DUBAI: The United Arab Emirates, which has a history of talking tough on Iran while still buying its oil, appears to be taking steps to comply with looming U.S. sanctions against the Islamic Republic’s energy industry.
Dubai is the U.A.E.’s main importer of Iranian oil. The country’s biggest city buys a light oil called condensate that’s produced in Iran’s natural gas fields and refines it into jet fuel and other products for local use.

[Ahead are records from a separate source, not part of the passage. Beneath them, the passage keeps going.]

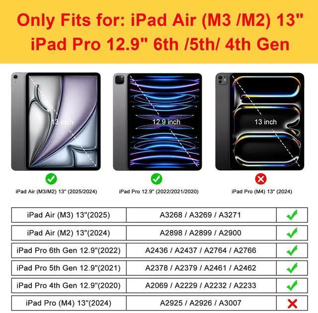 Perfect Fit & Compatibility: Designed exclusively for iPad Air 13 Inch 2025/2024, iPad Pro 12.9 6th/5th/4th gen ensuring precise cutouts for cameras, ports, and buttons ^^
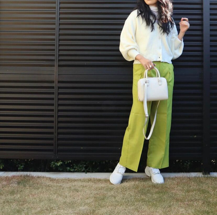 白×グリーンは優しい印象を与えてくれる上に、個性的なカラーでもすんなりなじむ初心者におすすめの組み合わせ。パンツ以外は白で統一することで、カラーアイテムを使ったコーディネートでも派手になりすぎないですし、春らしい華やかな印象もしっかり与えてくれます。肌寒い日でも季節の先取りが出来るお手本コーディネートですね。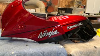 未分類 GPZカウル・タンク塗装 今回ご依頼頂いたのはこちらのGPZ。写真ではわかりにくいのですが、使用した色はキャンディーレッドと黒。ステッカーは自作で作り塗装しました。 2023.05.18 未分類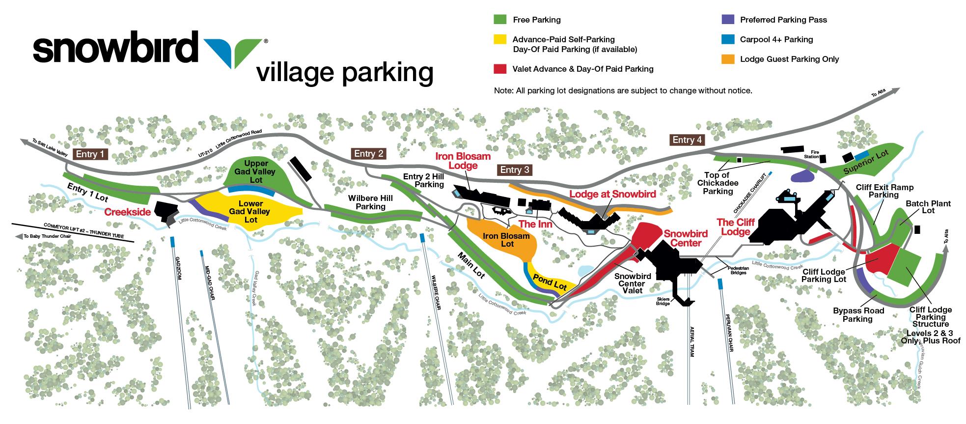 - Snowbird —parking options include free, no reservation required; day-of paid parking (on a space-available basis); pre-reserved paid parking; and valet parking. Snowbird has again expanded its free carpool parking for the 2025-26 winter season, available to vehicles with 3+ passengers, snowbird.com/parking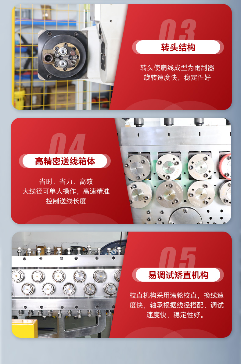 4.送線采用4組外徑120送線輪,送線自帶編碼器控制補(bǔ)償送線精度。

The U.A.E. port of Fujairah, the Middle East’s biggest oil-trading hub, provides storage for Iranian fuel oil that supplies vessels plying the Indian Ocean.
Both export streams may be at risk for Iran when U.S. sanctions take effect on Nov. 4. Condensate shipments to Dubai’s government-owned refiner Emirates National Oil Co. already dropped by half in September, according to Bloomberg tanker-tracking data. U.A.E. customs officials have started to require oil tankers docking at Fujairah’s fuel terminal to provide a certificate attesting to the origin of their cargoes, according to people with knowledge of the matter who asked not to be identified because the information is confidential.
“The U.A.E. could be looking to tightly police the cargoes entering and leaving its port, ahead of the deadline for U.S. sanctions on Iran,” said Den Syahril, a senior analyst at industry consultant FGE in Singapore.